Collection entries

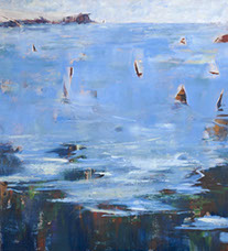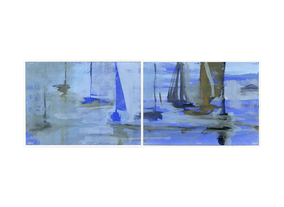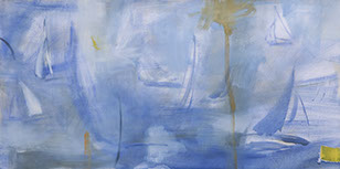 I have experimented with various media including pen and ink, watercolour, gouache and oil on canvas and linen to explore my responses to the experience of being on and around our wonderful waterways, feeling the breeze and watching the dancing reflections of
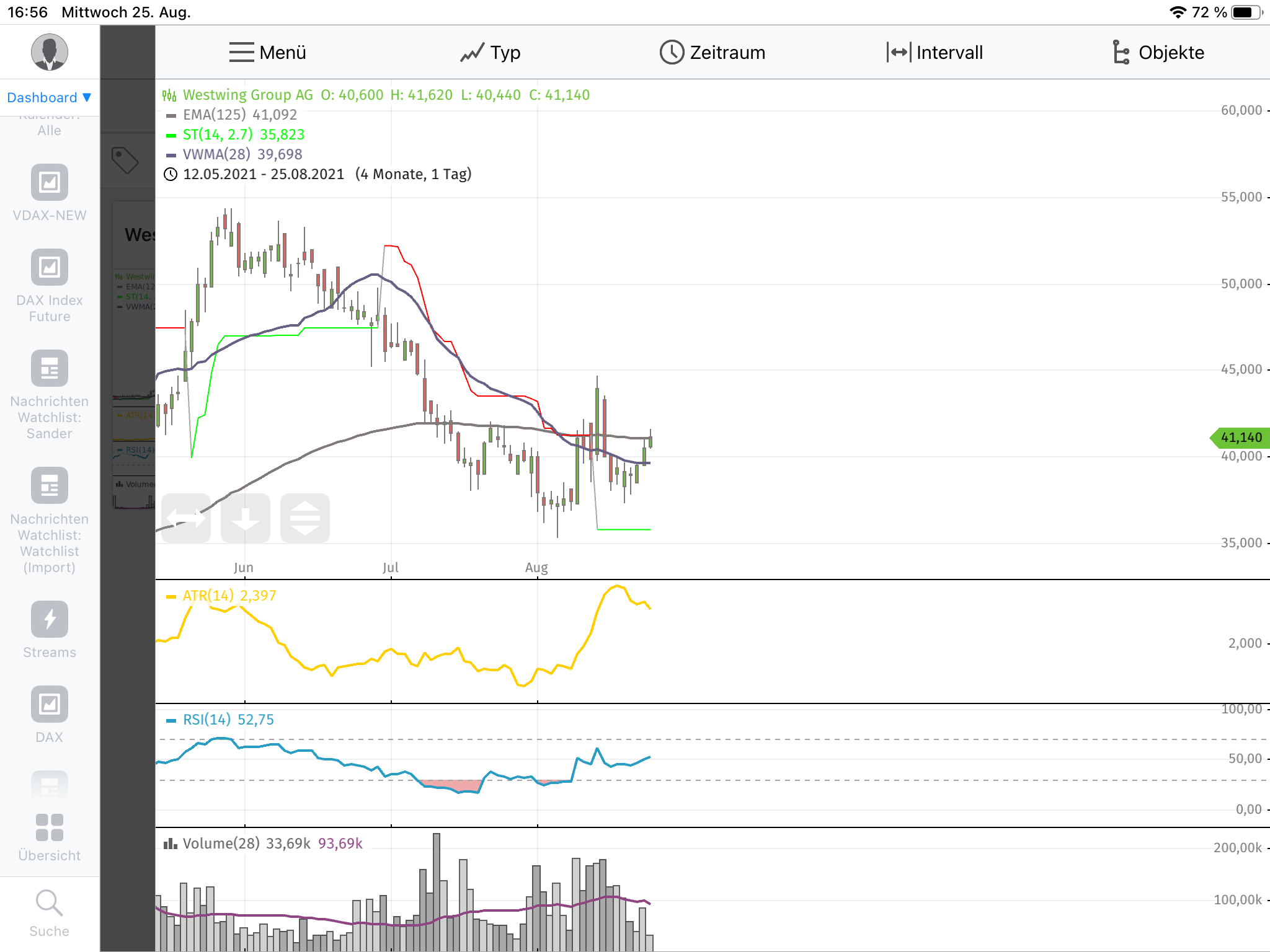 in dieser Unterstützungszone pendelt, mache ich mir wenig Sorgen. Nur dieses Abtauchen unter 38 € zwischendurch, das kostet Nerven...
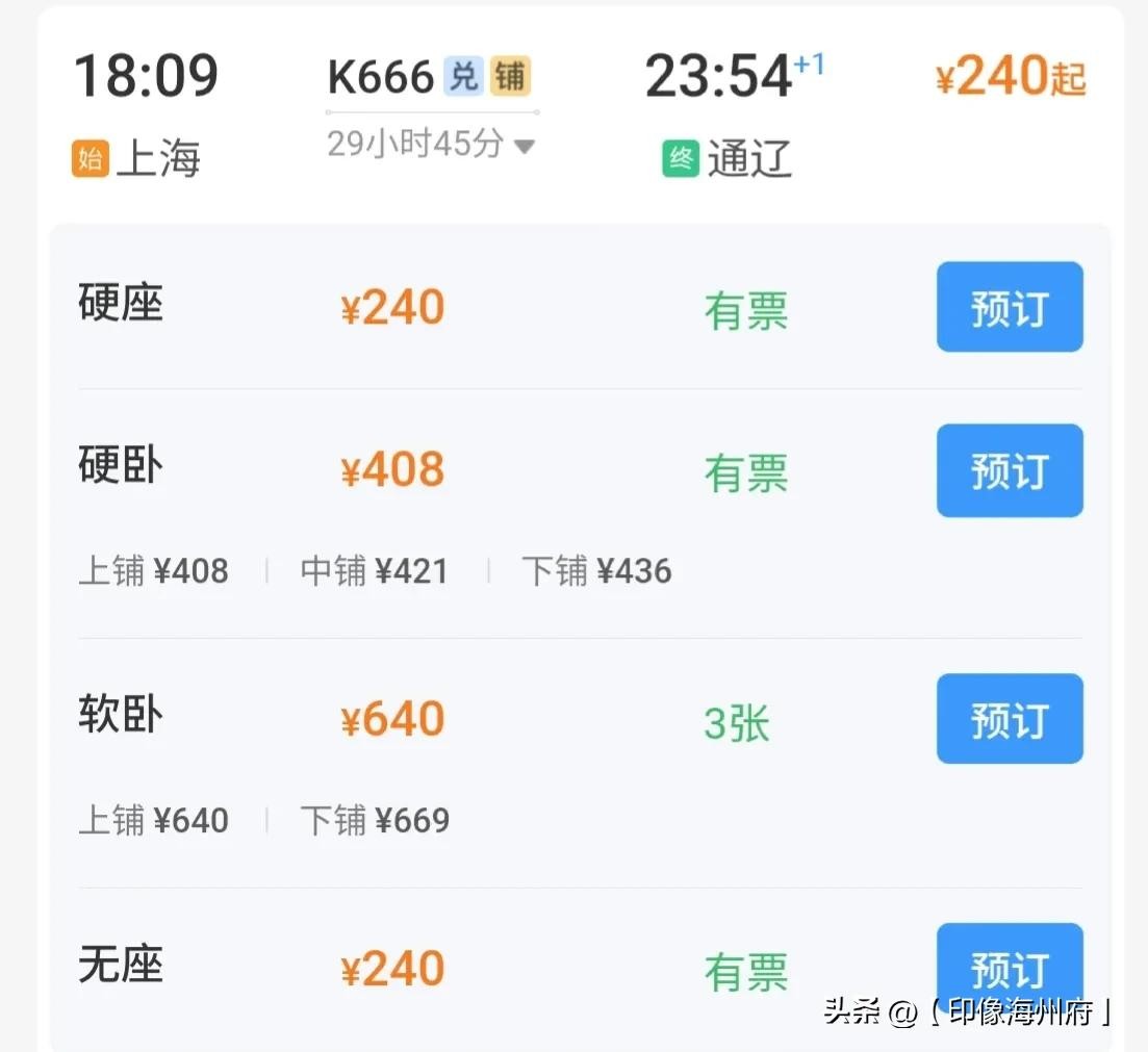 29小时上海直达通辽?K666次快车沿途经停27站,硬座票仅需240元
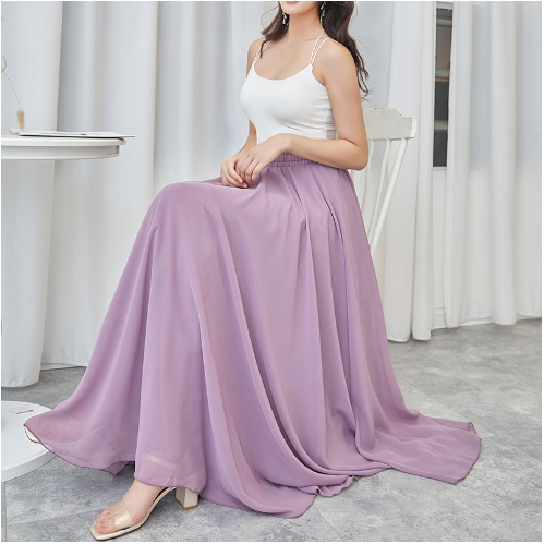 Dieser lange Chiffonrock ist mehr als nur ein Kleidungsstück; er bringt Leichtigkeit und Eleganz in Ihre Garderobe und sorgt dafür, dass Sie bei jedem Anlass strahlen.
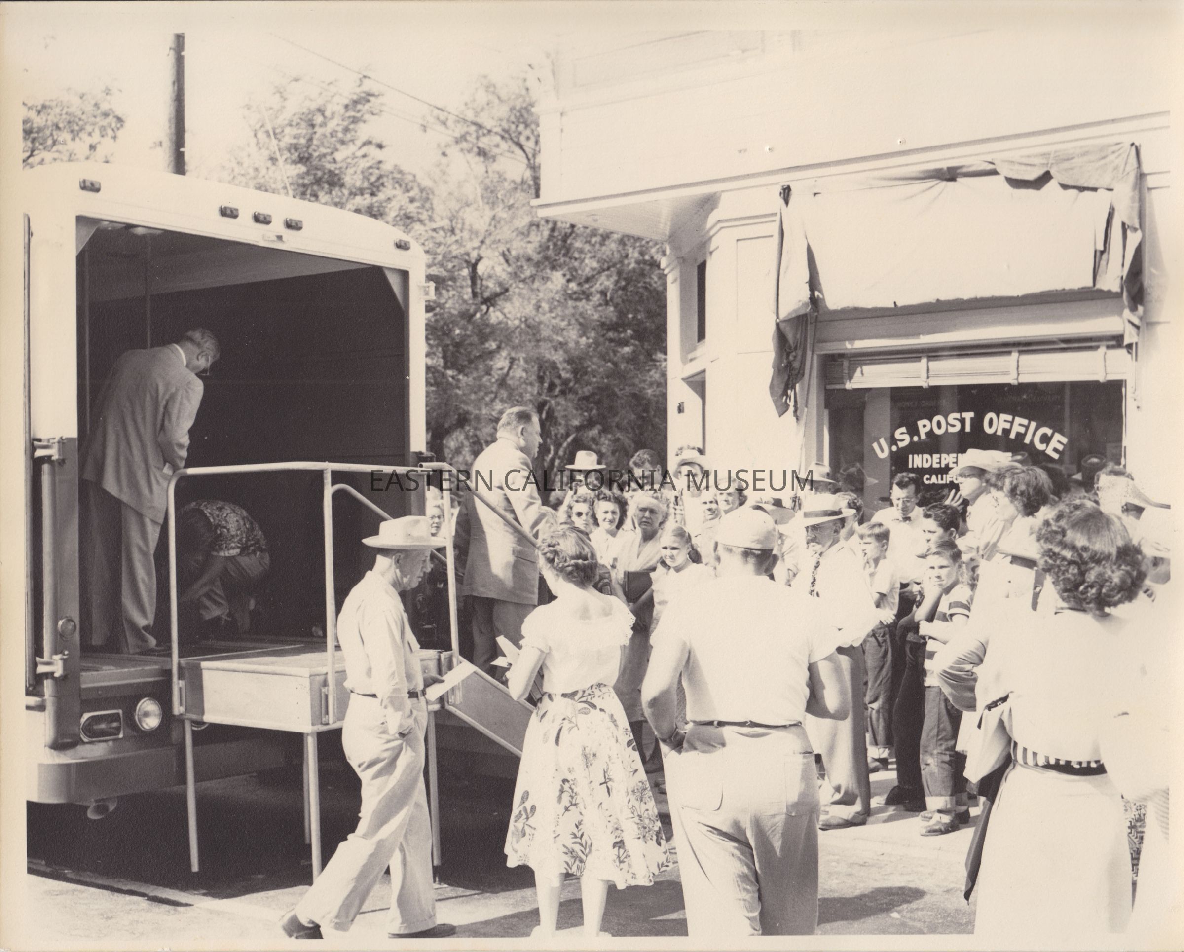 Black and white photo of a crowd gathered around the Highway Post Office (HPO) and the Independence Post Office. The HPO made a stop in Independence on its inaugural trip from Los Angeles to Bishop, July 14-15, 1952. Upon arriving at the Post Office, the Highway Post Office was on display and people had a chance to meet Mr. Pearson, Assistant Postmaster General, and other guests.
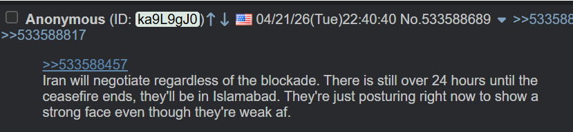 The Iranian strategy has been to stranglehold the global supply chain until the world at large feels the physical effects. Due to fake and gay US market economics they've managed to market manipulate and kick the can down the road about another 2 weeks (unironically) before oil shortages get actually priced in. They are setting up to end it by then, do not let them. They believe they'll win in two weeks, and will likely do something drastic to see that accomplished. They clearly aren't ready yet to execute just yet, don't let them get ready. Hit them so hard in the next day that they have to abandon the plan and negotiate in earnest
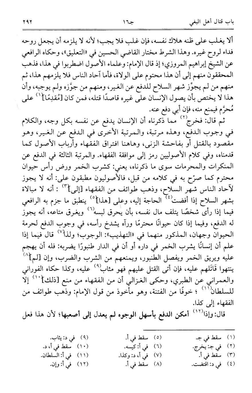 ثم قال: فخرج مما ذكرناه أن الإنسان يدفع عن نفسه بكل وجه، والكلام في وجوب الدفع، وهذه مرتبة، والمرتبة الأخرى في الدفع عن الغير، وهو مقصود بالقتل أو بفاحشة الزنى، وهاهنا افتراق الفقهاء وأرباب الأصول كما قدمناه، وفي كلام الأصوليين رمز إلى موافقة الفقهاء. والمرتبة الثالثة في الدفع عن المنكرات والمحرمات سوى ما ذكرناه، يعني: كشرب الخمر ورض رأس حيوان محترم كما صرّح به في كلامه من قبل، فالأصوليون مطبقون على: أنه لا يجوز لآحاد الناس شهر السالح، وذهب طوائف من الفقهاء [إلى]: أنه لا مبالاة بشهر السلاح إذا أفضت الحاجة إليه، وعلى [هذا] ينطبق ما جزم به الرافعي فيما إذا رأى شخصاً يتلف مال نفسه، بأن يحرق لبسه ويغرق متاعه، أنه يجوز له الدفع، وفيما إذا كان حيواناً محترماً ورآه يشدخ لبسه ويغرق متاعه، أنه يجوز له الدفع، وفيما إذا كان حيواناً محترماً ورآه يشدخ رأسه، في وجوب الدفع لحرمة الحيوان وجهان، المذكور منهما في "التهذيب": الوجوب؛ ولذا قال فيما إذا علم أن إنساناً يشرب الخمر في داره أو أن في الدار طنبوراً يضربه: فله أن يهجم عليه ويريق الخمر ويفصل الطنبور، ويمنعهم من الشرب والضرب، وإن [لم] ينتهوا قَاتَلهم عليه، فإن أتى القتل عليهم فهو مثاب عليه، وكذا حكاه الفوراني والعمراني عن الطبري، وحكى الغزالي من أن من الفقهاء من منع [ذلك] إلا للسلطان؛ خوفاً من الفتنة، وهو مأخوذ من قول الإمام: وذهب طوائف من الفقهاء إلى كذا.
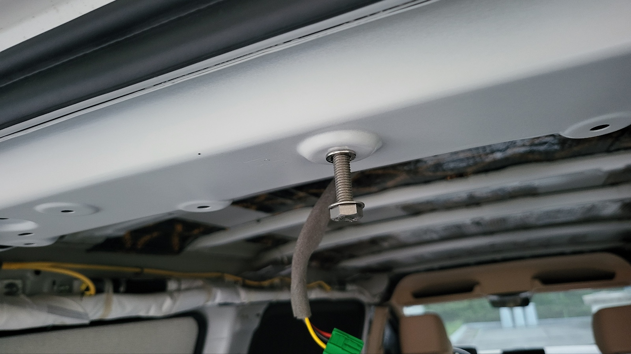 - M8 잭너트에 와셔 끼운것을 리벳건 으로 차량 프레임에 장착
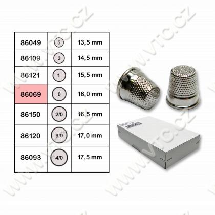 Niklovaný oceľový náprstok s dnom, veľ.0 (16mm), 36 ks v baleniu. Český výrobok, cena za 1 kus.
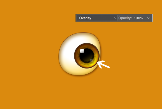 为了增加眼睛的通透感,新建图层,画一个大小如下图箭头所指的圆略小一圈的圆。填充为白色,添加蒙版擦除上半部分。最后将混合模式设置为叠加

## EXERCISE PROMPT
Give back the exact lines above, running from the one that has "Dieser lange Chiffonrock" through the one that has "The Iranian strategy", with nothing added and no pictures.

## TASK OUTPUT
 Dieser lange Chiffonrock ist mehr als nur ein Kleidungsstück; er bringt Leichtigkeit und Eleganz in Ihre Garderobe und sorgt dafür, dass Sie bei jedem Anlass strahlen.
 Black and white photo of a crowd gathered around the Highway Post Office (HPO) and the Independence Post Office. The HPO made a stop in Independence on its inaugural trip from Los Angeles to Bishop, July 14-15, 1952. Upon arriving at the Post Office, the Highway Post Office was on display and people had a chance to meet Mr. Pearson, Assistant Postmaster General, and other guests.
 The Iranian strategy has been to stranglehold the global supply chain until the world at large feels the physical effects. Due to fake and gay US market economics they've managed to market manipulate and kick the can down the road about another 2 weeks (unironically) before oil shortages get actually priced in. They are setting up to end it by then, do not let them. They believe they'll win in two weeks, and will likely do something drastic to see that accomplished. They clearly aren't ready yet to execute just yet, don't let them get ready. Hit them so hard in the next day that they have to abandon the plan and negotiate in earnest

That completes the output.